INPUT DATA:
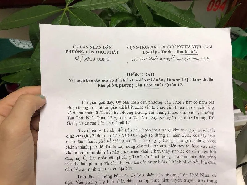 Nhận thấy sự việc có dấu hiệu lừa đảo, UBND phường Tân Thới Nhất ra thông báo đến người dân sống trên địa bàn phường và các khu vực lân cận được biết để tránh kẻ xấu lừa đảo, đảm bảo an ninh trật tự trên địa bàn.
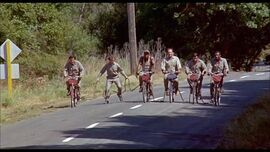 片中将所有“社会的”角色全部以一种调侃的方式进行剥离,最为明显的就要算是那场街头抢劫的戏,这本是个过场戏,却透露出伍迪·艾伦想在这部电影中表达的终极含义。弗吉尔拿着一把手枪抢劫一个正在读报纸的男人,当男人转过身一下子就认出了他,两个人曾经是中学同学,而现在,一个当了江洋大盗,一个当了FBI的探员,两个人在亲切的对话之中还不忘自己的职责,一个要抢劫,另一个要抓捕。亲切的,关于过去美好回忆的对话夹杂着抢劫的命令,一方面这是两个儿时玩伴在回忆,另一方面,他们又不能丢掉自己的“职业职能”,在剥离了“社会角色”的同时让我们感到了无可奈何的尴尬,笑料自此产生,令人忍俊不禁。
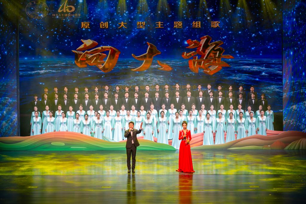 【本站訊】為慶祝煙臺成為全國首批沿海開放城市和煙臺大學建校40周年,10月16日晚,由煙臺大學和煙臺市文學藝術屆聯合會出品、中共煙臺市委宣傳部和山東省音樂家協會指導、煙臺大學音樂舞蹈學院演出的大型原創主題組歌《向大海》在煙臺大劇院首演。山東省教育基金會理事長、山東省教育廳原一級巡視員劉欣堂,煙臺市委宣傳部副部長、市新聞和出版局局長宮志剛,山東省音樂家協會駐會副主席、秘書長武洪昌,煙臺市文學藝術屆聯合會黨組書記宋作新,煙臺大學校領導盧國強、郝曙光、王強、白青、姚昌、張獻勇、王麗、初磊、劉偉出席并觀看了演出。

==

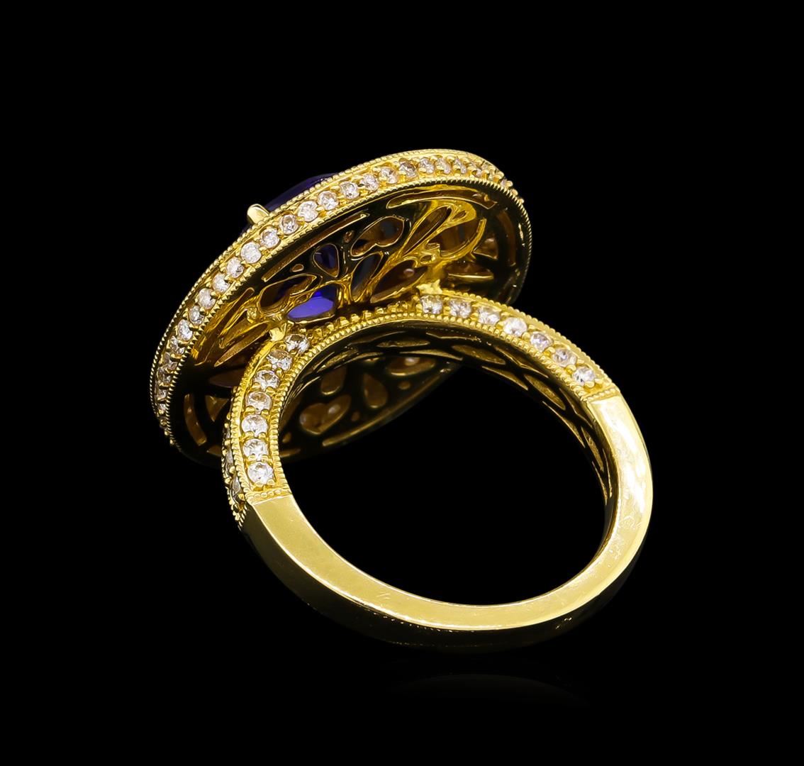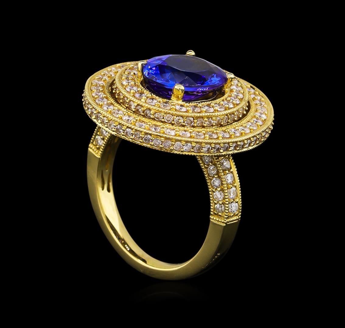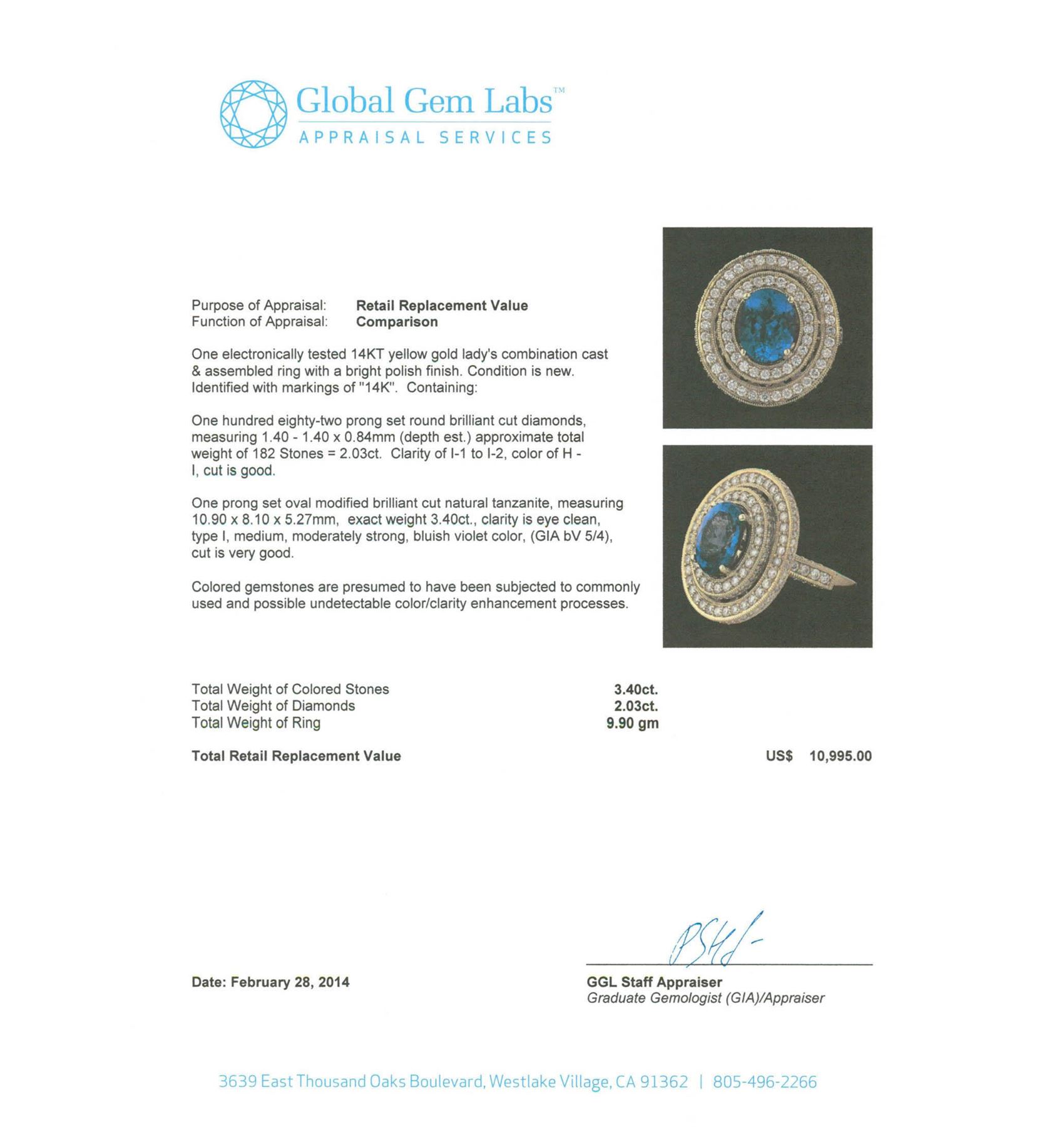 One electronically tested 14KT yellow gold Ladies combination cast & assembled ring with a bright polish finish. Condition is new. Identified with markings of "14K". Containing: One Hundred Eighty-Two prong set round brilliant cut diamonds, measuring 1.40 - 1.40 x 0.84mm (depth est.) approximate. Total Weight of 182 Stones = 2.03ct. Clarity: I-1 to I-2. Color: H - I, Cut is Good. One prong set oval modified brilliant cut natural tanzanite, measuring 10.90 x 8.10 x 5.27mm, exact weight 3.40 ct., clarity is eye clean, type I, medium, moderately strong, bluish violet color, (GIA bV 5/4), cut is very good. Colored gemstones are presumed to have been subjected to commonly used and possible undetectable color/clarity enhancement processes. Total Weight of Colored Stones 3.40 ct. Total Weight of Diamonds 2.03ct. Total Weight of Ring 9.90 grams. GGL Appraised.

==

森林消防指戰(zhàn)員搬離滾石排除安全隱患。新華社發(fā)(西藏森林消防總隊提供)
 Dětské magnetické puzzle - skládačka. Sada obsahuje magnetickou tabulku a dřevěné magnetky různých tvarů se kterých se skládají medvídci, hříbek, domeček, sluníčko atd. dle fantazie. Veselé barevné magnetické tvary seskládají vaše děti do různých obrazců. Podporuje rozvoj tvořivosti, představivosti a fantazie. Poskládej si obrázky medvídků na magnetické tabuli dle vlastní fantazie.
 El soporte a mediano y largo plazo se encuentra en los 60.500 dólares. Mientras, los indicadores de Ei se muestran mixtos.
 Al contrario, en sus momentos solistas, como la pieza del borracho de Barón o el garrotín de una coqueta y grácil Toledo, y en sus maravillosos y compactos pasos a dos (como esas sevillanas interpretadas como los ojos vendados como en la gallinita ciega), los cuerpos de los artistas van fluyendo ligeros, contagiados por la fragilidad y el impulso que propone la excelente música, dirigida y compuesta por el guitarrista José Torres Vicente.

WHAT IS EXPECTED: Would you please repeat exactly the lines above, starting at the line with "森林消防指戰(zhàn)員搬" and stopping at the line with "El soporte a", both included?

RESPONSE TO THE EXERCISE:
森林消防指戰(zhàn)員搬離滾石排除安全隱患。新華社發(fā)(西藏森林消防總隊提供)
 Dětské magnetické puzzle - skládačka. Sada obsahuje magnetickou tabulku a dřevěné magnetky různých tvarů se kterých se skládají medvídci, hříbek, domeček, sluníčko atd. dle fantazie. Veselé barevné magnetické tvary seskládají vaše děti do různých obrazců. Podporuje rozvoj tvořivosti, představivosti a fantazie. Poskládej si obrázky medvídků na magnetické tabuli dle vlastní fantazie.
 El soporte a mediano y largo plazo se encuentra en los 60.500 dólares. Mientras, los indicadores de Ei se muestran mixtos.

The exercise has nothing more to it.